Although reasonable minds may disagree about a single right way to view the world — feelings or facts? — legal doctrine can coalesce around a third option: neither. Recently, in United States v. Johnlouis,2 the Fifth Circuit established a new “law enforcement functions” test for determining whether potential government action falls within the ambit of the Fourth Amendment.3 But while the Johnlouis court put forth a fact-based test for determining what a government actor is, it focused primarily on an analysis of mental state and motives.4 Lower courts would be remiss to readily adopt this hybrid of objective form and subjective substance, and the Fifth Circuit’s narrow holding will not prevent unpredictable and inequitable Fourth Amendment outcomes.
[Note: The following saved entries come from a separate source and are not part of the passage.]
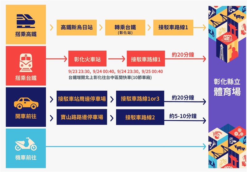 警方指出,縣府提供3條免費交通接駁車路線,民眾可在彰化火車站、寶山路以及南興國小搭公車前往體育場,白天班距約20分鐘、晚間約5至10分鐘。
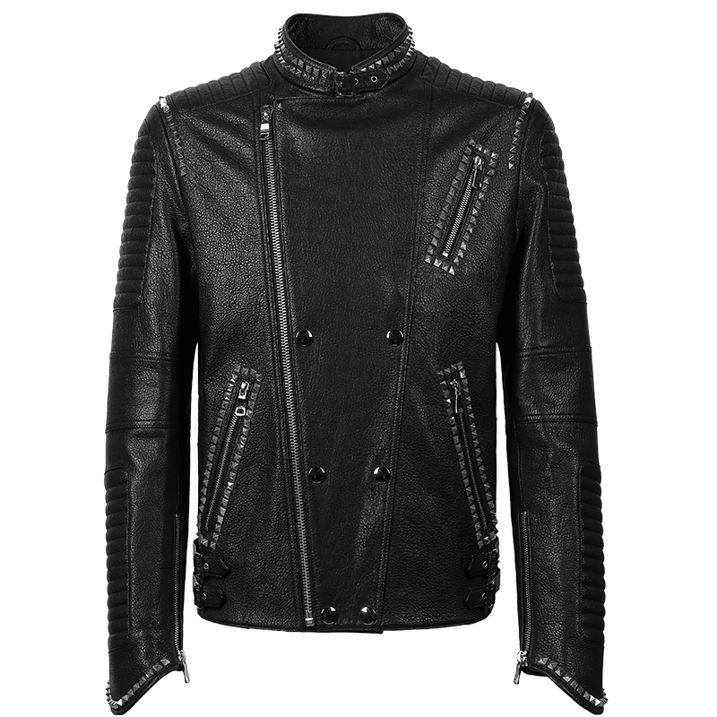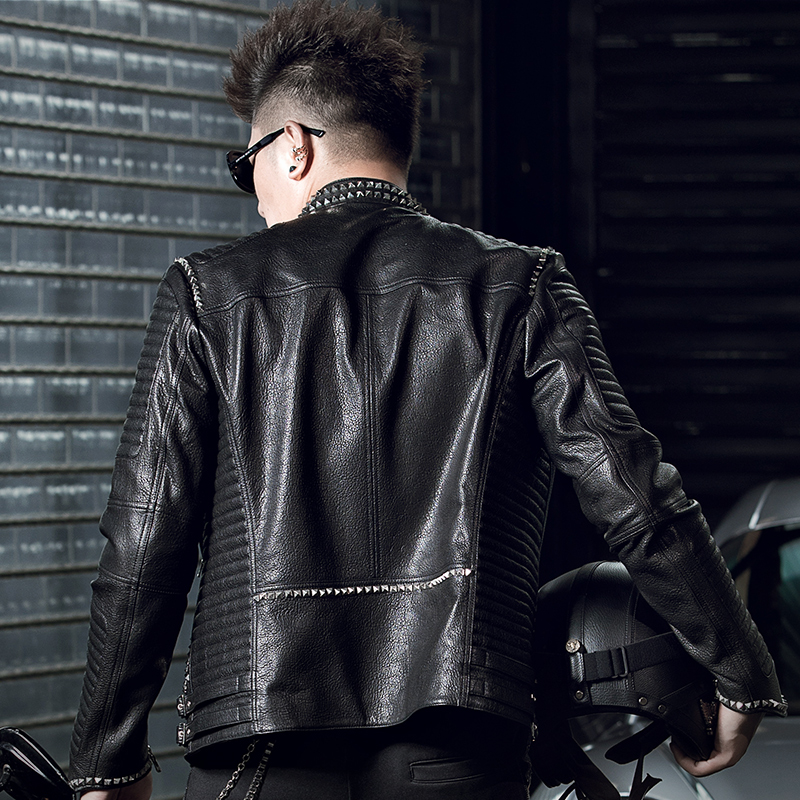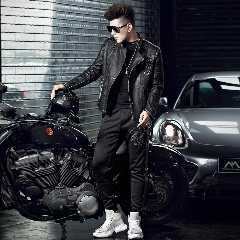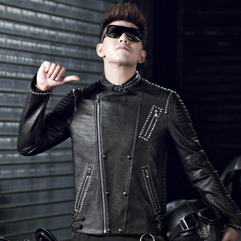皮夹克男士 欧美铆钉立领修身 外套潮 新款 SXF圣希梵海宁皮衣男真皮
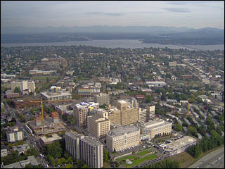 panorama dal 73° piano del Columbia Center verso est, con la Interstate 5 e il Lake Washington
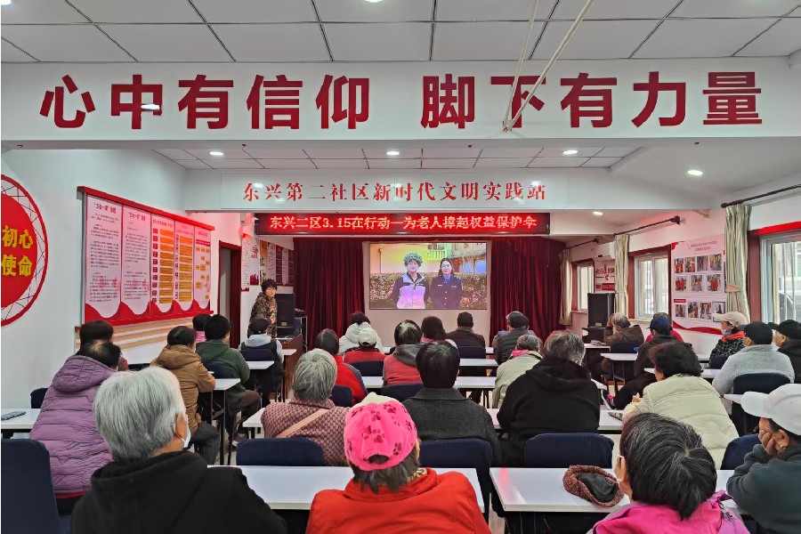 光明街道东兴二区新时代文明实践站开展“3·15在行动——为老年人撑起权益保护伞”宣讲活动

On November 3, 2017, United States Postal Service (USPS) letter carrier Jasia Girard picked up a package in Louisiana intended for delivery to Alfonzo Johnlouis.5 In her testimony, Girard claimed her thumb went through a preexisting “hole” in the side of the package,6 through which she felt a plastic bag with little balls of what she thought might be marijuana.7 Peering inside a “previously torn” flap of the package, she saw “hard white rock[s].”8 Girard then decided she would not deliver the package because she felt morally uncomfortable “leaving it ‘with all those kids around there,’” especially after her past experience with a young relative’s methamphetamine addiction.9 She took the package to the apartment’s property manager, warning her about the suspicious material.10 The manager called the police, and officers found eighteen pounds of methamphetamine.11

Johnlouis was indicted on two counts — (1) conspiracy to distribute and to possess with intent to distribute methamphetamine, and (2) attempted possession of a controlled substance with intent to distribute.12 Johnlouis moved to suppress the narcotics evidence on a Fourth Amendment–based theory that Girard’s thumb slipping through the package’s hole had initiated an illegal search.13 The U.S. District Court for the Western District of Louisiana denied Johnlouis’s motion on the ground that Girard was not a government actor to whom the Fourth Amendment applied.14 The district court first underscored that “despite her position as a USPS letter carrier, Girard did not carry out law enforcement action within the meaning of the Fourth Amendment.”15 The court added that even if Girard did carry out law enforcement action, her actions had not risen to the level of misconduct warranting application of the exclusionary rule,16 an objective-reasonableness test used to “forbid[] the use of improperly obtained evidence at trial.”17

Ultimately, Johnlouis pled guilty to the conspiracy count, and the court dismissed the attempt count pursuant to his plea agreement.18 The district court sentenced him to ten years of imprisonment and five years of supervised release.19 Johnlouis then appealed the denial of his motion to suppress to the U.S. Court of Appeals for the Fifth Circuit.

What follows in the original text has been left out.